It should be noted that, according to each pair of the convolutional neural network models, the convolutional neural network modelsThe deviation between the coordinates of the four vertices of the output previous frame and the adjacent next frame is determined, and the deviation between the coordinates of the four vertices of each frame and the first frame is determined (the camera motion trajectory in fig. 7 is smoothed), specifically: for any frame, determining the deviation between the coordinates of four vertexes of the previous frame and the next frame which are output by each pair of the convolutional neural network models and are positioned before the frame, taking the sum of the determined deviations between the coordinates of four vertexes of the previous frame and the next frame which are output by each pair of the convolutional neural network models and are positioned before the frame as the deviation between the coordinates of four vertexes of the frame and the first frame, namely,

p_tis the deviation, Δ, between the coordinates of the four vertices of the frame and the first frame_iIs the deviation between the coordinates of the four vertices of the ith frame picture and the ith-1 frame picture, thereby obtaining the deviation between the coordinates of the four vertices of each frame picture and the first frame picture as shown in fig. 6.
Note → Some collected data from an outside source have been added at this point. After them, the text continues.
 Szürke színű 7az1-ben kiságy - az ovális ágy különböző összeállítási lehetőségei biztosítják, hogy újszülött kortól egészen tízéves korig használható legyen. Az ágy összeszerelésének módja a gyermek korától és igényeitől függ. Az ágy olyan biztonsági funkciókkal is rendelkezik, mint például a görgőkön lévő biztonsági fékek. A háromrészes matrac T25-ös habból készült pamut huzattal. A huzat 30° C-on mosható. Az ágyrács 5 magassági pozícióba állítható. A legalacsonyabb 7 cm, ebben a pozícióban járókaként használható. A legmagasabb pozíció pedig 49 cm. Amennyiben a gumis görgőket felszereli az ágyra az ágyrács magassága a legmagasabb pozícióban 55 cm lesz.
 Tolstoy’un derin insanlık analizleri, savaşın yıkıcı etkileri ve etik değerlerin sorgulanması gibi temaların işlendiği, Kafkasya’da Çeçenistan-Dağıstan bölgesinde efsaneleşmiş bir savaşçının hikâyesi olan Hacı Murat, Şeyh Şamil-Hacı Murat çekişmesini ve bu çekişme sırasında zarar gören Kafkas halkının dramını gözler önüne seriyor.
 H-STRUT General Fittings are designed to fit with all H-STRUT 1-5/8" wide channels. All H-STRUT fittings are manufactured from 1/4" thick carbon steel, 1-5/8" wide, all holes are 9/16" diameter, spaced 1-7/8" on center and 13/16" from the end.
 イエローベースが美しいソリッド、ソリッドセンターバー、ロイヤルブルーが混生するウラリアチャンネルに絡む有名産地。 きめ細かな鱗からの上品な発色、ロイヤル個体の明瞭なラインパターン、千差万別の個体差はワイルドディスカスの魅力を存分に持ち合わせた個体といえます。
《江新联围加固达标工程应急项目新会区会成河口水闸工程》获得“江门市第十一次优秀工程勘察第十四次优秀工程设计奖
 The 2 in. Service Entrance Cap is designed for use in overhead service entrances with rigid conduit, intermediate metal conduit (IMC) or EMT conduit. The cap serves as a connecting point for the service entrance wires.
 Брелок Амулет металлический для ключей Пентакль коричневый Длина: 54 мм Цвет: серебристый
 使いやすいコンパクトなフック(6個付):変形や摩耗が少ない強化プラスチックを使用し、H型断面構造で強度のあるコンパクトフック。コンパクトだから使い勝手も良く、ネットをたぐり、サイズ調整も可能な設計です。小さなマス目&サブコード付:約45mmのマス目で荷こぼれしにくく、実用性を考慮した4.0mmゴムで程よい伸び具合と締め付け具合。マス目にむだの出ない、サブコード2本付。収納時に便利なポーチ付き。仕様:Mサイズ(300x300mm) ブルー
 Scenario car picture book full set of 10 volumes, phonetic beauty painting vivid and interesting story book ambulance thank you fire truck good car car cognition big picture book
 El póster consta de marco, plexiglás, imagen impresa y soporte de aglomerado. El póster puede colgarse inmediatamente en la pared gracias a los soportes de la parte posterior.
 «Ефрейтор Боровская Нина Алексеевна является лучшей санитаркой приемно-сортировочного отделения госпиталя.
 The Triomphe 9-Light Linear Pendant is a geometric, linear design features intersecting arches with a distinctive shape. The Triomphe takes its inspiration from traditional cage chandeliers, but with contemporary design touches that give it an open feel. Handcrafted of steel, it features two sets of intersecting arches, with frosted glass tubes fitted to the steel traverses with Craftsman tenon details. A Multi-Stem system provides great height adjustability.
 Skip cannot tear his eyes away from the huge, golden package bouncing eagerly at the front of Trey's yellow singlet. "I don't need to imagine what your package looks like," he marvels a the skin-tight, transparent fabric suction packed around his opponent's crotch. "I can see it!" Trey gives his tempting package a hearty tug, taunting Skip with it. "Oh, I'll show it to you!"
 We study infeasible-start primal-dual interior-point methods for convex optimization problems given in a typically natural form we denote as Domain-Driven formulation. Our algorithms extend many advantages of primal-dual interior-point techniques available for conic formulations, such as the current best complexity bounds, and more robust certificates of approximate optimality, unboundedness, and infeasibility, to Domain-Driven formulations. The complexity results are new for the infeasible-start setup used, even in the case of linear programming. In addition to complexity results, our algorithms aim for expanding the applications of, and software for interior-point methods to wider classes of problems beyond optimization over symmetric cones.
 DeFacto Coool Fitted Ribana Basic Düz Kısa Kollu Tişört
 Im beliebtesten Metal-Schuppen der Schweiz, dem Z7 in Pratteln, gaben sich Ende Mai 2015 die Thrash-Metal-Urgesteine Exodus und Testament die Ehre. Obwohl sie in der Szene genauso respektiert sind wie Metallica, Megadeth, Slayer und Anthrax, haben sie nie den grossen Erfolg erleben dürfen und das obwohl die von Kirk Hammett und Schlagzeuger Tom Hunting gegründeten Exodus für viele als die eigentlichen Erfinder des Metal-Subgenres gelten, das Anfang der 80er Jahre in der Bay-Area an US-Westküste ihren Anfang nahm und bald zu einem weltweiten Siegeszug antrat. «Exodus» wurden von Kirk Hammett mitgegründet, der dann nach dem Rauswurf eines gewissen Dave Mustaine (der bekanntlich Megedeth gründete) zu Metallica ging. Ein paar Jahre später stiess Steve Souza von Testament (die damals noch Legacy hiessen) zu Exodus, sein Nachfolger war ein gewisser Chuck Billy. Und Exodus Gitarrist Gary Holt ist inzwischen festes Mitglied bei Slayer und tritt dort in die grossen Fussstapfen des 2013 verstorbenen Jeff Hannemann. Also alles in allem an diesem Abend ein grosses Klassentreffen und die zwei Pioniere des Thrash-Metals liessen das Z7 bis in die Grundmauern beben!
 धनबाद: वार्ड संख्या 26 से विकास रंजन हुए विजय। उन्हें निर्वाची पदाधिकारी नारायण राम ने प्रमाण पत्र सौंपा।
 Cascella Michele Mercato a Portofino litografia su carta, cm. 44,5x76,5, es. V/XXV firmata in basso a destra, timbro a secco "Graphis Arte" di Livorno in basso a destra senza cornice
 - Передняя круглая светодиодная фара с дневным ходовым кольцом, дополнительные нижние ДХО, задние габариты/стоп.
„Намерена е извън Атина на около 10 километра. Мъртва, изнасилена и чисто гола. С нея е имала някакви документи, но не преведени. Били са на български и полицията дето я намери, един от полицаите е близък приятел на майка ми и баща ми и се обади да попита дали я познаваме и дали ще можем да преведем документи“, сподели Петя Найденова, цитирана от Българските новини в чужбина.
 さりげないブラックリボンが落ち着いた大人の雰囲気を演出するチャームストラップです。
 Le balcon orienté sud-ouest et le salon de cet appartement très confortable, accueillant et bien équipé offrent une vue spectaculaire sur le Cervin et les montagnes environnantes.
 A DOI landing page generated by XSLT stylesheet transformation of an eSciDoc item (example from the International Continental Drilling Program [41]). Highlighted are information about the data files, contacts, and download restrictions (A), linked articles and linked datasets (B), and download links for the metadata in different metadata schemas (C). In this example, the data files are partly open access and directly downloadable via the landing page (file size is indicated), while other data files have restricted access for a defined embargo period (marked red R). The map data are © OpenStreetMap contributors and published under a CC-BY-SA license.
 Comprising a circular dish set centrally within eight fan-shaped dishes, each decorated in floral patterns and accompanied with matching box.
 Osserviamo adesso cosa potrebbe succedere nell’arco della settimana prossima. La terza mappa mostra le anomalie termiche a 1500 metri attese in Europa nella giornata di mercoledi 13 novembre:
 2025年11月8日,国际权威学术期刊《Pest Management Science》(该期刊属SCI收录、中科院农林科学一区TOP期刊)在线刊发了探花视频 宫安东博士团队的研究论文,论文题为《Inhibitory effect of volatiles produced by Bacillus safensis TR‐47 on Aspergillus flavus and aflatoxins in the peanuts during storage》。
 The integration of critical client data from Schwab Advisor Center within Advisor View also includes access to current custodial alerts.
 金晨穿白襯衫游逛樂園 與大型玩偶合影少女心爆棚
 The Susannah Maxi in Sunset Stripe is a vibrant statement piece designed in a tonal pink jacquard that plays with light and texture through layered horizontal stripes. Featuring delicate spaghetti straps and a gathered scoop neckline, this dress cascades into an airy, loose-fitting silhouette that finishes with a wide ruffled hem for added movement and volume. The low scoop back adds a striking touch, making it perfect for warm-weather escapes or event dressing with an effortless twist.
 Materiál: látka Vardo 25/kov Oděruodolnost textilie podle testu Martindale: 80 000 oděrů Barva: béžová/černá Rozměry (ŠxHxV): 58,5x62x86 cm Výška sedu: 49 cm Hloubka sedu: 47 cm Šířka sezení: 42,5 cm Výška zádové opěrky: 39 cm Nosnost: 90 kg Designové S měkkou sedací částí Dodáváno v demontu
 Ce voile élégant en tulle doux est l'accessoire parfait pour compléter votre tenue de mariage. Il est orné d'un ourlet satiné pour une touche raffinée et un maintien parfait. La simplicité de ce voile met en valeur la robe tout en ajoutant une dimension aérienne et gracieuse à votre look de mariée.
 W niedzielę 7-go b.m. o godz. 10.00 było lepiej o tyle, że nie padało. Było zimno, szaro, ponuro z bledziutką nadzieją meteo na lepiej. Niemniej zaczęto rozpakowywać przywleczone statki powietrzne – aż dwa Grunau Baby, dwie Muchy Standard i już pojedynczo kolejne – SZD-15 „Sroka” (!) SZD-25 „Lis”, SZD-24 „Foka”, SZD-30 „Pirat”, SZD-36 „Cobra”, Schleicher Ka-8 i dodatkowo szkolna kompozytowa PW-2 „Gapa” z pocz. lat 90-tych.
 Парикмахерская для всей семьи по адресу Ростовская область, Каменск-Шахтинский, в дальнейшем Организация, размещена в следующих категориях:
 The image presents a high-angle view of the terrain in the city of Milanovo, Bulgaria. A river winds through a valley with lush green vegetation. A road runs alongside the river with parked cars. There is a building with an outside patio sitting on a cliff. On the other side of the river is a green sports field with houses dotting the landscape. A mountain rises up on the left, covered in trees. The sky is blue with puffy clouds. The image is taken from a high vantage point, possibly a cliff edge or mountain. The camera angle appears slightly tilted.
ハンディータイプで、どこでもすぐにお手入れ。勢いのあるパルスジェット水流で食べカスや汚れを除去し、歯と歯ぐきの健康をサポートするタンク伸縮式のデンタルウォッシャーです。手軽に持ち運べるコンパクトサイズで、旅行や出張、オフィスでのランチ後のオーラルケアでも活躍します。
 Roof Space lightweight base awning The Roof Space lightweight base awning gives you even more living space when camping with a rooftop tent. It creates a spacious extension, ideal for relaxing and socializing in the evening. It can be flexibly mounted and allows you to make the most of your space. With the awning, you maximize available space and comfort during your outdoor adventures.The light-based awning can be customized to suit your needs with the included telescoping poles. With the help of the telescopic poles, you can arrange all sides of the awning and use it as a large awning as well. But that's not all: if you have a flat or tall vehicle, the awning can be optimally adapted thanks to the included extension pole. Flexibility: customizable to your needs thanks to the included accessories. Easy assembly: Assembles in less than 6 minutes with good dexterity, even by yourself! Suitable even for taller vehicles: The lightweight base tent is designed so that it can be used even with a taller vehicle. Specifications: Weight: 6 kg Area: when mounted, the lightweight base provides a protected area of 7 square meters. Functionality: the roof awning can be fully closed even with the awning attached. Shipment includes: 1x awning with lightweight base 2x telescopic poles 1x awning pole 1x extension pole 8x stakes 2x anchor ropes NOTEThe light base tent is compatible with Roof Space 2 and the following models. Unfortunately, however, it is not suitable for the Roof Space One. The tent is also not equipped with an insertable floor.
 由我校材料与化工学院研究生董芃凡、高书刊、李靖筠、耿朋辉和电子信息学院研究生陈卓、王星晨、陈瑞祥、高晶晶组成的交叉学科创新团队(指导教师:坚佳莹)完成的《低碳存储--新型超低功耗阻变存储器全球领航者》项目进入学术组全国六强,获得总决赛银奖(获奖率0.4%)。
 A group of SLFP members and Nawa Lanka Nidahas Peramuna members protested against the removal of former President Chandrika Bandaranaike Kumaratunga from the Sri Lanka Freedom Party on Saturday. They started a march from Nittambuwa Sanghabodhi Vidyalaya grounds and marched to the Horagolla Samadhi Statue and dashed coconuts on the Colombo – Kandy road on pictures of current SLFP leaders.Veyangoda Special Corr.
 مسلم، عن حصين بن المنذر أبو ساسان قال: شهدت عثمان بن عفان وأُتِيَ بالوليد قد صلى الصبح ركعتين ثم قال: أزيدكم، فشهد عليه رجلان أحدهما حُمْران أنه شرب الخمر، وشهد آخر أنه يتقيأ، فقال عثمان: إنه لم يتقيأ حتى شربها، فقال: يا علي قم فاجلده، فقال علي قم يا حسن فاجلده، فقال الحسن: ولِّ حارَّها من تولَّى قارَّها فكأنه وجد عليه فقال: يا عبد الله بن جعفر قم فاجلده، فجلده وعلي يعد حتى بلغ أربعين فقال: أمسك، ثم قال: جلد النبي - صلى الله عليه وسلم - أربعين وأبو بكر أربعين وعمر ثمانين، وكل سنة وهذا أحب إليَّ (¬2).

In addition, it should be noted that, in the present application, based on the determined deviation between the four vertex coordinates of each frame of picture and the first frame of picture, the corrected deviation between the four vertex coordinates of each frame of picture and the first frame of picture is determined (the camera motion trajectory in fig. 7 is smooth), and specifically: starting with the shot image jittering the previous frame image, sequentially passing correction formula p 'according to the correction deviation between the coordinates of four vertexes of the previous frame image and the first frame image and the deviation between the coordinates of four vertexes of the next frame image and the first frame image'_t＝argmin_p(α‖p-p′_t-1‖+(1-α)‖p-p_t|) determines a rectified deviation between the four vertex coordinates of the next and first frame pictures, where p'_tFor the corrected deviation between the coordinates of the four vertices of the next frame and the first frame, p_tIs the deviation between the coordinates of the four vertices of the next frame picture and the first frame picture, p'_t-1Four vertex coordinates of the previous frame and the first frameThe correction deviation between the four vertex coordinates of each frame and the first frame is obtained as shown in fig. 6, where α is a weight coefficient used for adjusting the stable condition and the reserved condition of the frame until the correction deviation between the four vertex coordinates of the frame and the first frame is determined to be completed.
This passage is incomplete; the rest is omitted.